Elements of the Department of Justice (DOJ) and FBI are under fire Friday following the release of the House Intelligence Committee’s hotly anticipated memo alleging bias and misconduct among officials investigating Trump campaign associates.

DOJ made its first public response to the developing controversy over the memo in the form of a sparse statement from the Attorney General about two hours after the memo hit the web.

“Congress has made inquiries concerning an issue of great importance for the country and concerns have been raised about the Department’s performance. I have great confidence in the men and women of this Department. But no Department is perfect,” Sessions told the press.

The attorney general then expressed a general commitment to cooperate with Congress on getting to the bottom of the memo’s allegations. “Accordingly, I will forward to appropriate DOJ components all information I receive from Congress regarding this.  I am determined that we will fully and fairly ascertain the truth,” he said. “We work for the American people and are accountable to them and those they have elected.  We will meet that responsibility.”
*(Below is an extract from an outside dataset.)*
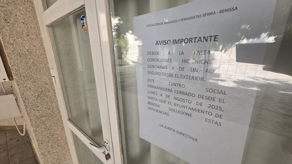 L’Associació de Jubilats de Benissa ha plantat el cartell de tancat a l’entrada del seu centre social. Però no és un ‘tancat per vacances’, sinó per malestar per la falta de resposta de l’ajuntament per a esmenar deficiències “sanitàries, higièniques i de seguretat”, lamenten en un comunicat compartit a tots els seus associats per WhatsApp.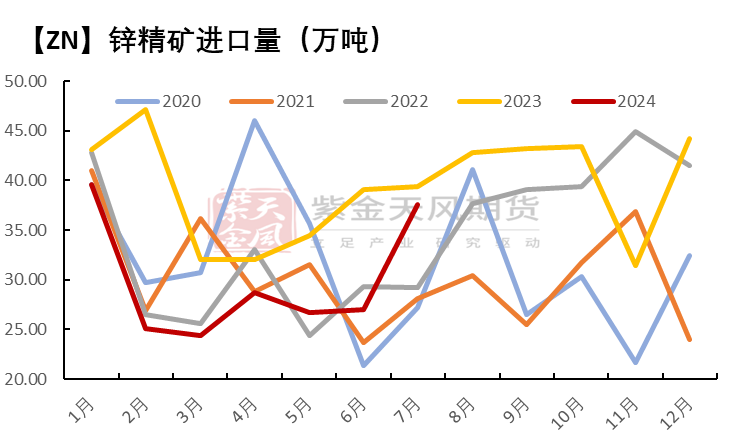 2024年7月中国进口锌精矿37.54万实物吨,同比减少4.70%,环比增加39.29%;2024年1-7月累计进口锌精矿209.05万实物吨,累计同比下滑21.77%。

The statement’s measured response was in contrast to an outpouring of anger from the political right over the memo’s allegations of misconduct and political bias, especially against DOJ number two and, on account of Sessions’s recusal, head overseer of all investigations concerning the 2016 presidential election, Deputy Attorney General Rod Rosenstein.

Conservative group Tea Party Patriots, for example, marked the memo’s release with a YouTube video calling for Rosenstein to “do his job or resign.”

The call was echoed among right-leaning pundits on Twitter:

Last week, Sessions, the man who picked Rosenstein, appeared to address what it can now be inferred were the allegations in the memo, when he went far beyond his prepared remarks at what was supposed to be an address on immigration policy. At the time, Sessions gave a strong appeal to stick with established procedure and not get ahead of the law. He said at the time:

This is the system. It’s part of the process. We’re going to work our way through. We don’t see criticism from Congress as necessarily a bad thing. We welcome Congress as a partner in our effort to get better. When they learn of a problem and start asking questions – well that’s just a good thing. Sunlight is the best disinfectant.

Sessions then also expressed his support for “absolutely eliminating political bias or favoritism in either direction from our investigations and our prosecutions.”

“That sort of thinking is the antithesis of what our department stands for,” he said. “We will not tolerate it.”